L’idea originaria era di creare degli enormi braccia galleggianti che filtrassero l’acqua marina per recuperare i pezzi di plastica galleggianti. L’idea si è scontrata con una serie di problemi pratici: ad esempi, di che grandezza fare le reti di filtraggio, per evitare di intrappolare i plancton ma riuscire a intrappolare i pezzetti di plastica? Anche perché il grosso problema della plastica in mare è che l’azione combinata di sale, sole e moto ondoso la riduce in pezzetti minuscoli chiamati micro o nano plastica (a seconda della dimensione) e ben prest diventa praticamente impossibile da eliminare.
Perciò, dopo molti anni di ricerca e test, scrive l’articolo “oggi l’organizzazione dispone di tecnologie efficaci che intercettano e bloccano i rifiuti plastici già nei fiumi, prima che questi possano raggiungere gli oceani, minacciando la sopravvivenza degli animali marini”. Che mi sembra una conclusione intelligente.
Al tempo stesso, visto che negli oceani c’è comunque una quantità enorme di plastica, per rimuovere almeno quella frazione ancora parzialmente integra gli attivisti dell’organizzazione hanno messo a punto barriere artificiali a forma di U che, come fossero una gigantesca rete, trascinano la plastica dispersa e la concentrano in appositi contenitori, sottraendola al moto delle onde.

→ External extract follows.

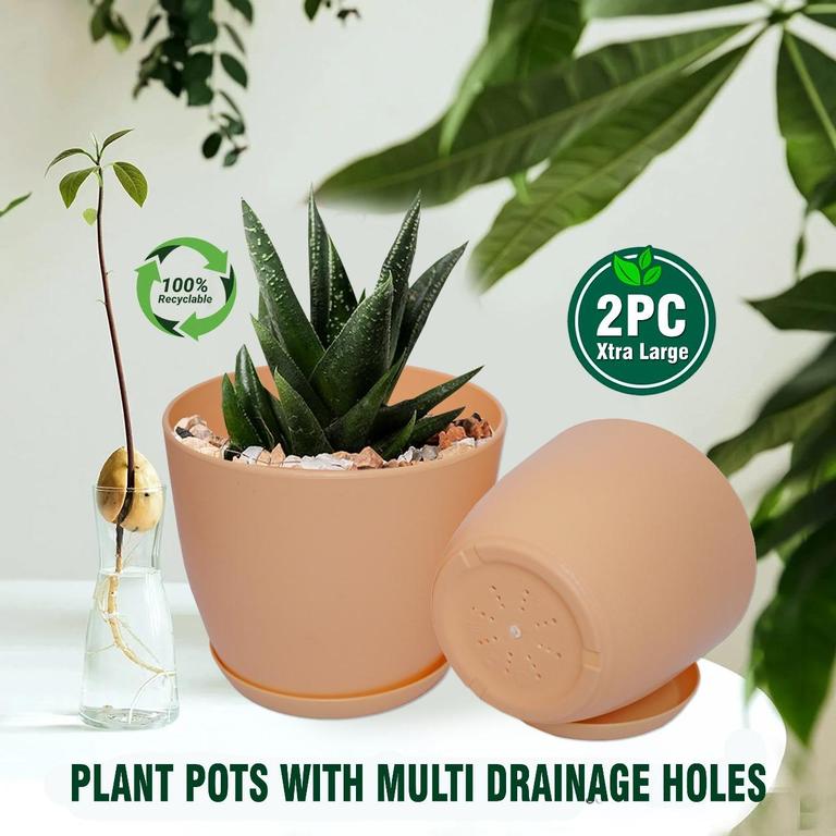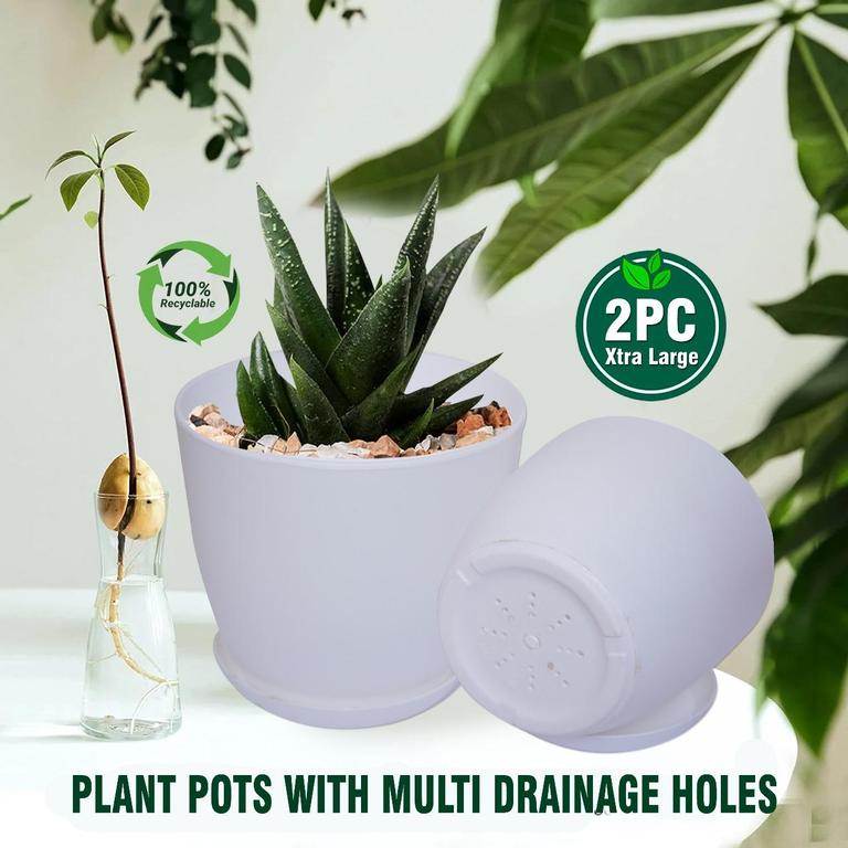 - Includes matching saucer trays for drainage.

L’obiettivo, ambizioso, è quello di riuscire a eliminare almeno il 90% dell’inquinamento da plastica galleggiante negli oceani di tutto il mondo entro il 2040”.
Sono felice di aver letto questa notizia perché mostra come questo progetto sia stato in grado di evolvere e capire che per tamponare meglio la situazione della diffusione della plastica negli ecosistemi era meglio risalire un po’ a monte, nei fiumi.
Aggiungo che, se vogliamo risolvere il problema della plastica negli oceani e raggiungere l’obiettivo ambizioso del progetto, non basta rimuoverla, tocca fermare il flusso. Come scriveva tempo fa Naomi Klein in un articolo mi pare sul Guardia, se hai dimenticato il rubinetto aperto e hai casa allagata, la prima cosa da fare è chiudere il rubinetto. Dobbiamo chiudere il rubinetto della plastica. E anche su quel fronte devo dire che, almeno in Europa, non sta andando poi così male, con le nuove direttive che vietano la plastica monouso.
Parliamo di rinnovabili, un argomento che non può mai mancare quando facciamo un elenco di cose positive che stanno succedendo nel mondo. Perché, pur con le loro contraddizioni come ogni csa umana, la rivoluzione delle fonti rinnovabili è qualcosa di completamente impensabile fino a qualche anno fa. In questo caso le novità ce le riferisce Maurizio Bongioanni su Lifegate: “Le notizie sono due: l’eolico e il fotovoltaico hanno raggiunto la quota record del 12 per cento dell’elettricità globale nel 2022, rispetto al 10 per cento del 2021. Inoltre, gli esperti ritengono che il tanto atteso picco delle emissioni del settore elettrico sia stato raggiunto.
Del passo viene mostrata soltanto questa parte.